Phlegmacium ochribubalinum

Scientific classification
- Kingdom: Fungi
- Division: Basidiomycota
- Class: Agaricomycetes
- Order: Agaricales
- Family: Cortinariaceae
- Genus: Phlegmacium
- Species: P. ochribubalinum
- Binomial name: Phlegmacium ochribubalinum (Kytöv., Liimat. & Niskanen) Niskanen & Liimat. (2022)
- Synonyms: Cortinarius ochribubalinus Kytöv., Liimat. & Niskanen (2014);

= Phlegmacium ochribubalinum =

- Authority: (Kytöv., Liimat. & Niskanen) Niskanen & Liimat. (2022)
- Synonyms: Cortinarius ochribubalinus

Species of mushroom-forming fungus

Phlegmacium ochribubalinum is a species of mushroom-forming fungus in the family Cortinariaceae, originally described in 2014 as Cortinarius ochribubalinus before being reclassified in 2022 based on molecular data. The mushroom features a 5–8 centimetre cap with an ochre-yellow centre fading to whitish at the margins, moderately spaced pale brownish-grey gills, and a club-shaped white stipe that gradually turns pale brown-yellow with age. It grows on the ground among deciduous trees in South Finland, particularly in species-rich woodlands dominated by aspen, birch, alder, oak, hazel and other broad-leaved trees.

==Taxonomy==

The species was described in 2014 and classified as Cortinarius ochribubalinus. It was placed in the subgenus Phlegmacium of the large mushroom genus Cortinarius. The specific epithet ochribubalinum refers to the ochre colour of the fruitbodies. The type collection was made on 2 September 1993 in Pirttimäki, Nuuksio (Espoo, Uusimaa, Finland), in a species‑rich grass‑and‑herb woodland dominated by aspen (Populus tremula), birch (Betula), grey alder (Alnus incana), oak (Quercus), hazel (Corylus), bird cherry (Prunus padus) and various willows (Salix spp.), with scattered mature pines (Pinus) and young spruce (spruce). The holotype (H6032734) collected under the catalogue number IK 93‑641 is preserved at the herbarium of the University of Helsinki (H).

In 2022 the species was transferred from Cortinarius and reclassified as Phlegmacium ochribubalinum based on molecular data.

==Description==

The cap (pileus) of Phlegmacium ochribubalinum measures 5–8 cm across and begins convex, soon flattening to a slight dome (plano‑convex), occasionally bearing a broad central bump (umbo). Its surface is very finely fibrillose—covered in delicate fibres—and has an ochre‑yellow centre that grades to whitish at the margin. Beneath the cap, the gills (lamellae) are moderately spaced and notched where they attach to the stipe (emarginate). They start a very pale brownish‑grey and deepen to pale brown as the mushroom matures.

The stipe stands 6–10 cm tall, narrowing from 1.5–2 cm at the base to 0.8–1.3 cm at the apex. It is club‑shaped (clavate), initially white, and gradually acquires a pale brown‑yellow hue with age. A thin white universal veil may persist as a delicate film on the cap margin and as narrow belts encircling the stipe. The flesh (context) is uniformly white, and the mushroom emits a pleasantly mild odour. When dried and deposited as specimens (Latin: specimina exsiccata) in herbaria, the cap centre becomes warm yellow‑brown, fading to a pale leather colour or nearly white toward the edge; the stipe matches the cap's paler tones.

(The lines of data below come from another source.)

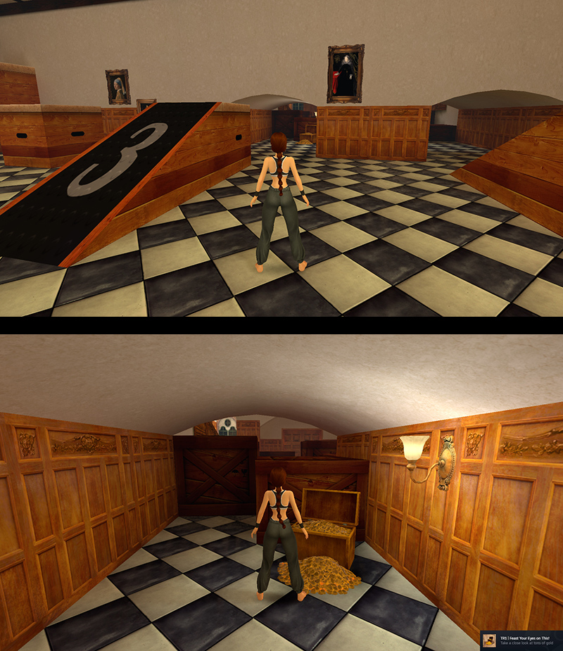Climb over the crates and enter the BALLROOM. Move Lara onto each of the numbered ramps in turn. Go slowly enough that you can hear her spoken instructions. This will make it easier to do what is needed to unlock "Welcome to My Home!" I haven't made screenshots, since Lara explains pretty clearly what to do, but be sure to do all steps in order. (Again, I use and teach tank controls, so check YouTube for modern controls if necessary.)
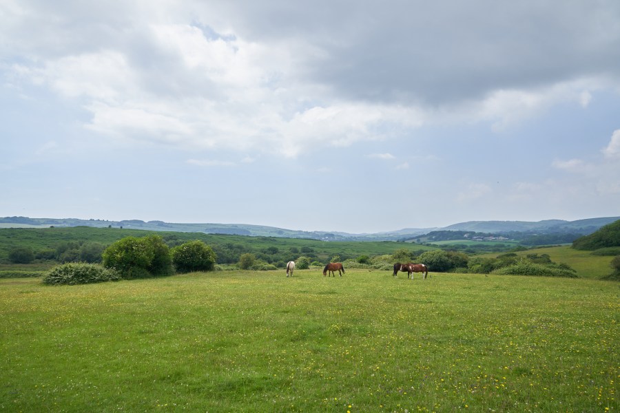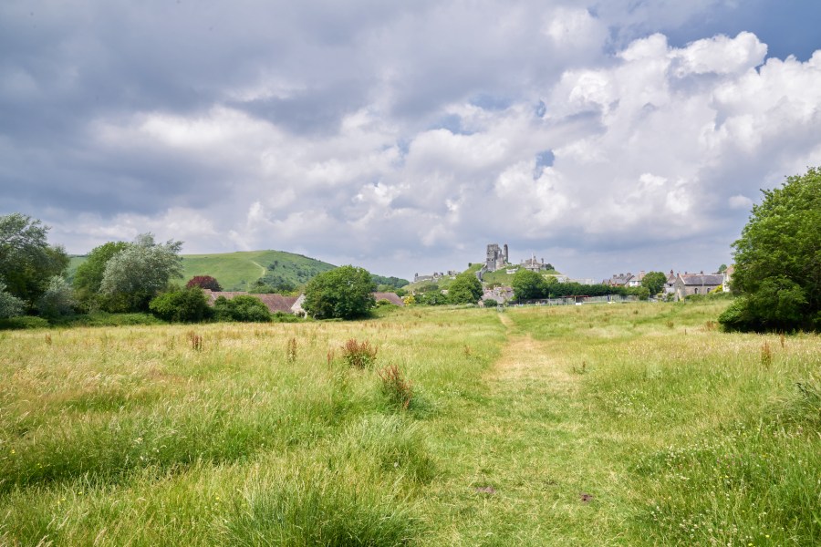 Middle Halves is a long, vaguely rectangular common leading from near the church to the edge of Corfe. At the top, it’s very municipal and its lush mown grass sports a playground, basketball hoop, picnic tables and a toilet. After that, it’s mainly meadow, the cottages backing onto it each with their own gate, with trees dotted around the edge. In the centre is a fenced off area surrounded by trees which splits the meadow in two, and in which something or other is allowed to graze from time to time, though it wasn’t there when I visited, whatever it is. There’s also a small, wooded enclosure, not access land so presumably not common. There are plenty of benches and, especially with the long, swaying grass, there’s a real feeling of leisure. Originally, the Halves were used for strip farming for subsistence crops, like allotments are today. I was glad to be pointed in the right direction for the main common by a couple of residents, and pleased to see a long chat being had with a postie, as it was all too easy to see the place as a tourist trap; the almost oppressively photogenic castle looms over all these commons.
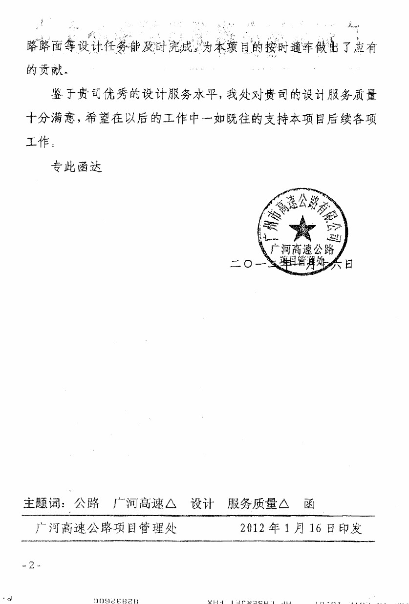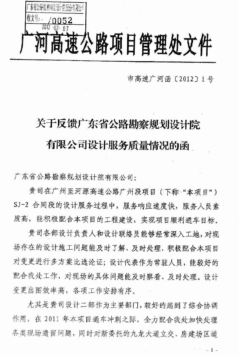 近日,业主单位广河高速公路项目管理处专函盛赞公司设计后服务工作,并对以第二路桥设计部为主的服务团队在广州至河源高速公路广州段设计后服务中的优异表现给予了充分肯定和高度赞扬,认为我司设计服务水平“优秀”,对我司的服务质量表示“十分满意”。

Under the microscope, spores measured in Melzer's reagent average 12.5–14.3 by 7.5–8.2 μm (length–middle value–width). They are almond‑shaped (amygdaloid), densely warted (verrucose), especially near the tip, and show a moderate dextrinoid reaction (reddish‑brown staining). The four‑spored basidia are 39–48 by 9–12 μm and contain granules from large to minute. The inner gill tissue (trama) is formed of hyphae bearing dark, almost black granules, while hyphae at the stipe apex are yellow with clear droplets (guttules) but lack granules. Veil (cortina) hyphae are sand‑brown to slightly reddish with scattered red granules.

The cap cuticle (pileipellis) comprises a somewhat gelatinous layer of hyphae 3–10 μm wide, ochraceous brown near the surface and finely encrusted; deeper layers carry small to large brown granule mounds and sausage‑shaped clusters. Beneath this lies a well‑developed hypoderm of red‑brown, granulose hyphae, giving the cap surface its characteristic layered appearance.

==Habitat and distribution==

Phlegmacium ochribubalinum is found in South Finland, where it grows on the ground with deciduous trees.